When Too Many Customers Spoil the Part

Tri-State Fabricators

You own a mid-sized job shop that specializes in precision-machined parts. For years your company has been pushing the production needle into the red, maintaining as many customers as it can. You recently hired an experienced general manager who immediately detects two problems: Your company is taking on too many small orders and, more to the point, too many customers. Many of your customers’ orders are limited to one to 10 parts, and the sheer volume of unique setups these parts require are killing your spindle utilization rates, eating into profits and hurting employee morale.

This second scenario is one that recently faced Duo CNC Machining, a mid-sized job shop located in Langley, British Columbia focused on precision machining for the energy, agriculture, clean-tech and packaging industries. For years, the company serviced up to 30 customers that rotated from month to month, forcing Duo CNC to adjust its raw material inventory according to how many customers had been added or dropped from the roster at any given time.

Duo CNC reacted to its new general manager’s audit with a solution that transformed not only the company’s core philosophy, but also helped increase revenue and profits by double-digit margins.

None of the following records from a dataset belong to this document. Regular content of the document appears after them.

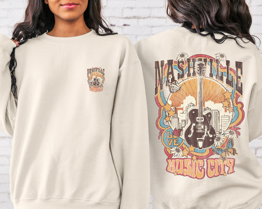 Nashville Tennessee Crewneck Sweatshirt,Nashville Music Sweater, Music City, Hoodie,Tennessee Sweatshirt , DTG, BOHO, Cowboy, Cowgirl Desert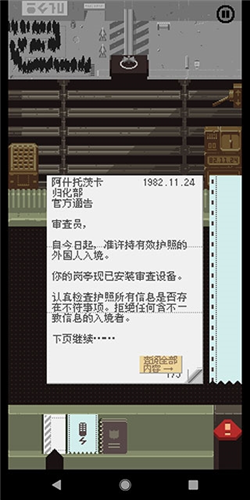《请出示证件》安卓2025版是一款从Steam平台移植的像素风格模拟游戏。本作完整保留了电脑端的核心玩法,同时针对移动设备的操作习惯进行了适配优化,确保玩家在手机上也能获得流畅的体验。游戏背景设定于虚构的冷战时期,你将扮演一名边境检查站的官员,每日面对形形色色的入境者,审核他们递交的各类文件,并依据不断更新的法规做出是否准许通行的决定。
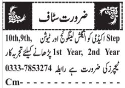 Step School jobs advertisement dated about 1 December 2022 in daily Jang Newspaper invites application for the vacant post of teacher, female teacher and english language teacher in Quetta, quetta Balochistan Pakistan. Persons with Bachelor and Master etc. education can apply.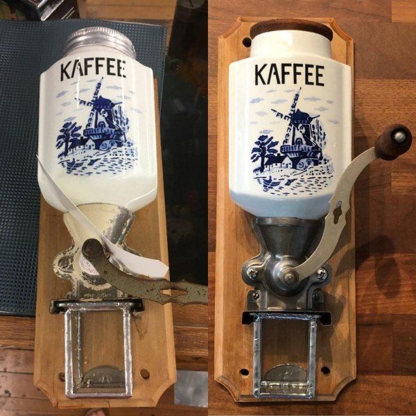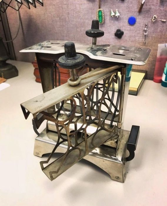 | Подборка фотографий с необычными винтажными приспособлениями для кухни из прошлого. Яйцеварка, которой около 60 лет Взбиватель для яиц 1930-х годов Винтажный тостер Устройство для приготовления пончиков Пистолет для печенья и декорирования выпечки Винтажный блендер Соковыжималка Отреставрированная винтажная настенная кофемолка Sony была основана в 1946 году. Эта электрическая рисоварка была их первым продуктом Устройство для красивой сервировки масла Измельчитель орехов Приспособление для измельчения фруктов и ягод, чтобы сделать из них джем или желе Настенный консервный нож Я нашёл старую травяную мельницу Несколько старых формочек, которые когда-то были у бабушки моей подруги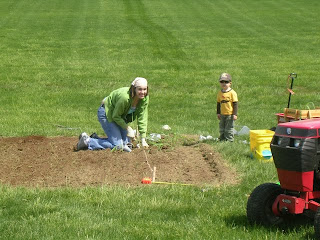 We had a beautiful day on Sunday, so we all spent the day outside working on the veggie and herb gardens. I got most of the plants planted in the veggie garden, while Shaun worked on edging the herb garden (I'll plant at another time).

But what company leaders might not have expected was the downstream effect of the policy they put in place: Namely, an improved company culture along with more time to implement technical improvements related to programming, fixturing and setups.

Culture Shock
When Terrance Visser acquired Duo CNC in 2016 as its new owner and CEO, he joined a company that had been working under high-pressure conditions for several years. Even without a machining background, Visser recognized that Duo was servicing too many customers who required low-volume production and short lead times —a recipe for stress, burnout and a company culture that had turned sour.